第36話 13 今宵、我ら一堂に会す。
ザックは気だるそうに言った。「どうやら今日は外でキャンプするしかなさそうだな。」
「外でキャンプ!?聞いただけで冒険感があふれていてワクワクするね!」ナイトは満面の笑みで興奮気味に言った。
数人は空いた場所を見つけ、キャンプの準備を始めることにしたが、テントを持ってきていたのはザックだけだった。
「お前ら、全員テント持ってきてないのか?」ザックは呆れたように尋ねた。
「ずっと狼の群れを追いかけていたせいで、途中でいろいろ失くしたんだ。テントも含めてね。」サンディは冷静に答えた。

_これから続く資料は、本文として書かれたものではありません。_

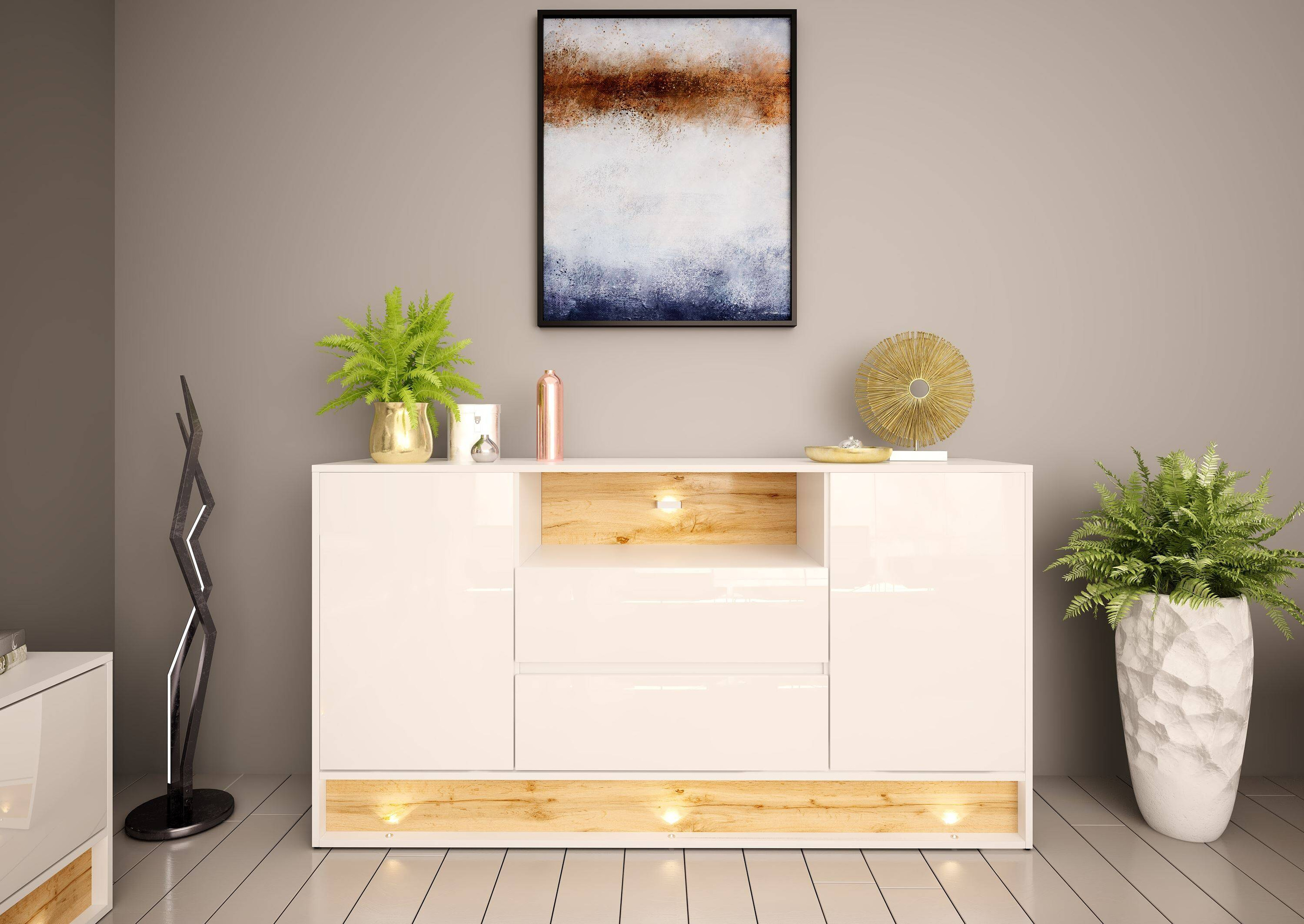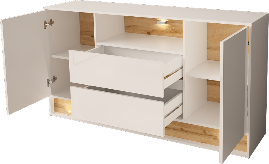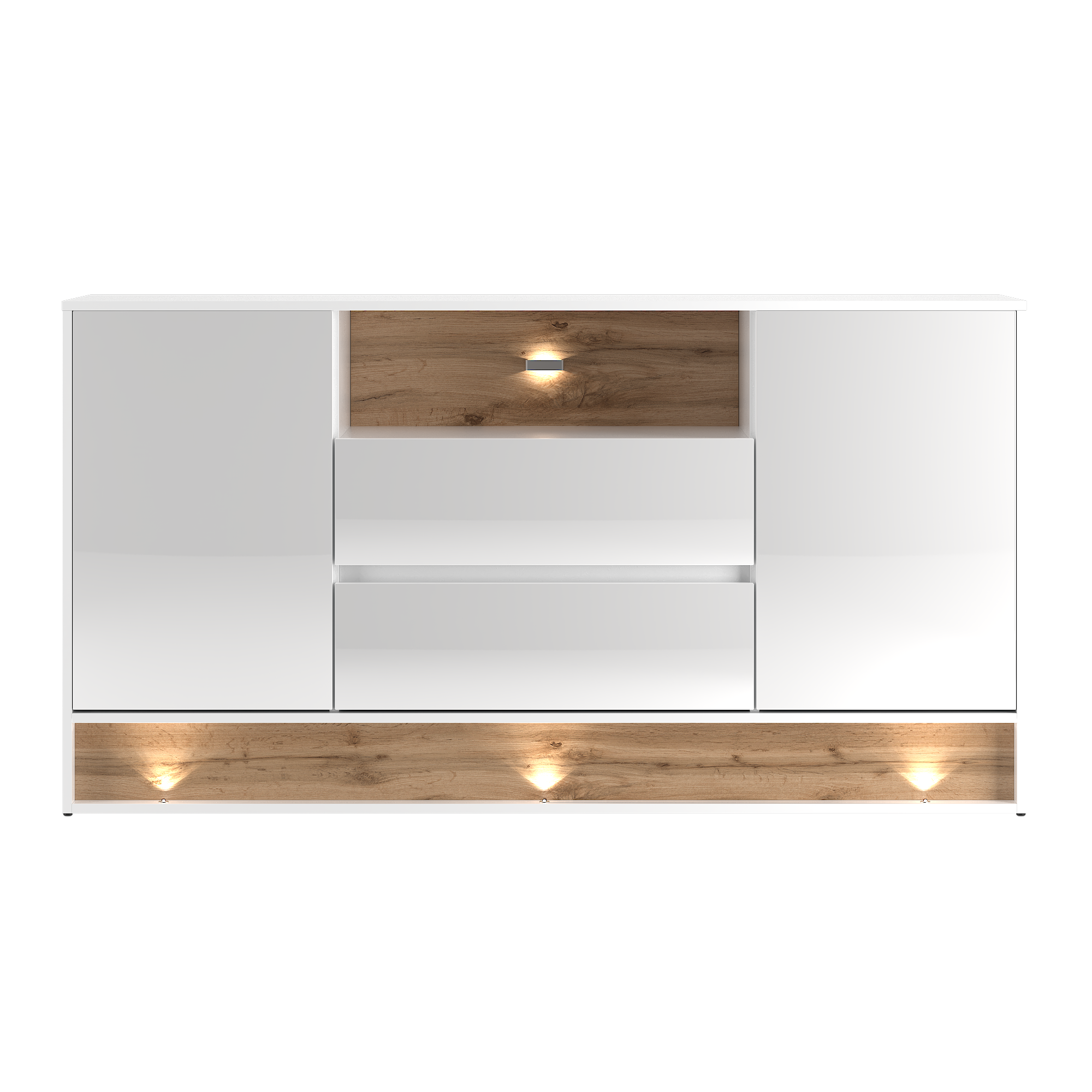 VISION-02 - Komoda 2D2S z Oświetleniem LED Biały Mat Dąb Wotan Mat Biały Połysk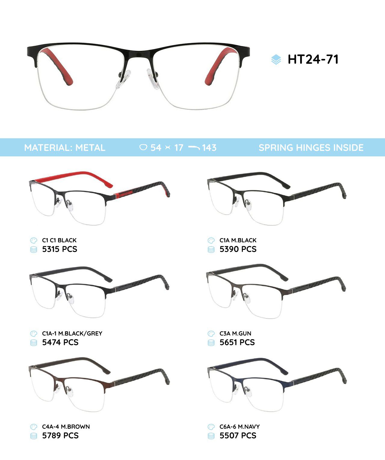 Металлическая оправа с дужками из материала TR-90 HT24-71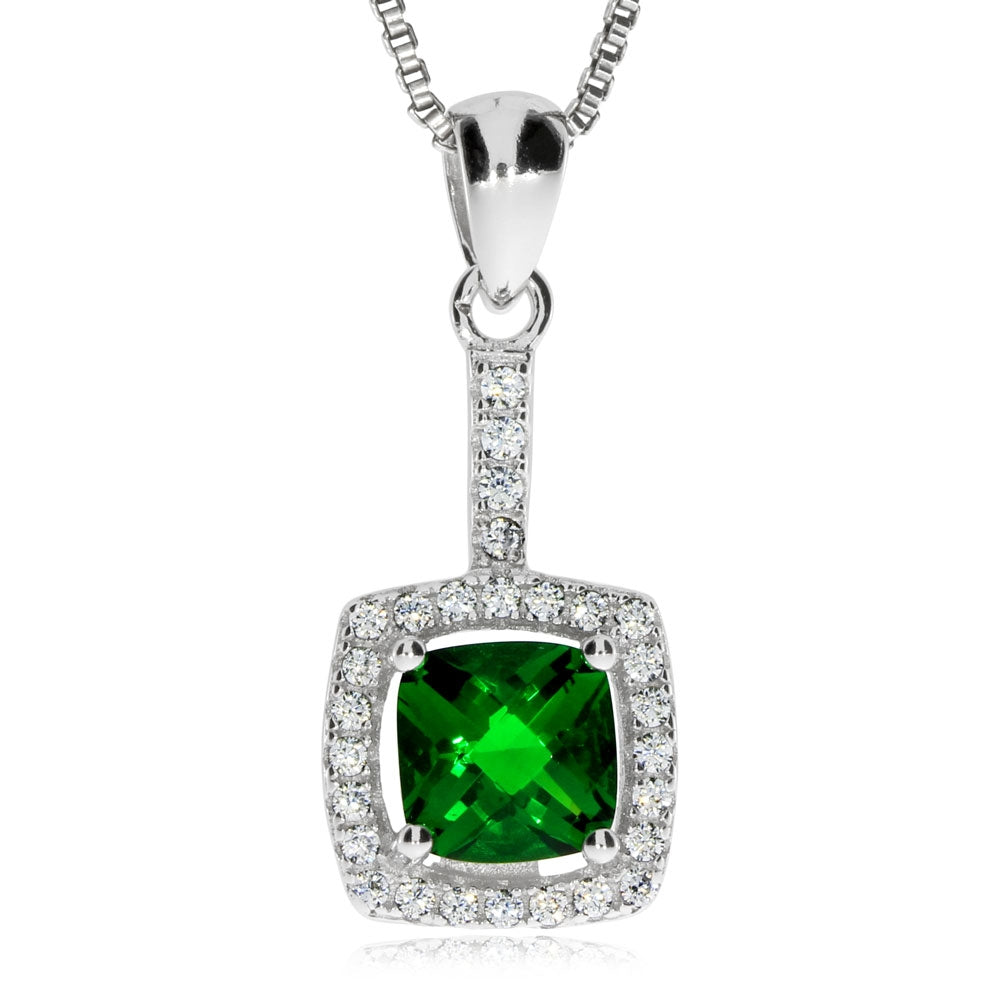 Elegantní stříbrný přívěsek pro ženy se třpytí drobnými kamínky čiré kubické zirkonie, které lemují větší čtvercový kámen zelené barvy. Syntetický kámen má výraznou barvu smaragdu, která se velmi dobře vyjímá ke světlému i tmavému oblečení.

「そもそもテントを持ってくるなんて考えもしなかったよ。」ナイトがそう言うと、エイトがすかさず続けた。
「確かに。こんなに時間がかかるなんて誰が思うんだよ?一体なんでこんなことになったんだ?」
エイトの質問にザックは完全に言葉を失った。
「なんでだと思う?お前ら二人のせいに決まってるだろ!一人はずっと漫画を読んでるし、もう一人は出かけるときに頭を置いてきたんじゃないかってくらいだし!もともと2~3時間で済む道のりだったのに、丸一日もかけさせられたんだぞ!」ザックはため息をつきながら続けた。
「もういいよ。今は夕飯のことを考えよう。風魔狼の肉は毒があるから食えないし、何を食べたらいいんだ……?」
ザックが困っていると、サンディが少しだけ用意していた食料を取り出した。
「事前に少し魚肉を用意しておいた。でも調味料はないから、焼くしかないけどね。」サンディは淡々と言った。
その食料を見たザックは、驚いた顔で喜びを隠せなかった。
「本当にありがたい!やっぱりここではお前と俺くらいだな、ちゃんと頭を使ってるのは。さて、役割分担しようか。サンディは魚を焼く係、エイトは周囲の見張りを頼む。ナイト、お前は俺と一緒にテントを張るぞ!」
こうしてそれぞれの役割が決まり、行動を開始した。サンディは火系魔法で炎を起こし、切った魚肉を火にかけた。炭が炎の中で燃え、踊るように揺れている。魚肉がじゅうじゅうと音を立てながら焼け、水分が蒸発していく。香ばしい匂いが辺りに漂い始めた。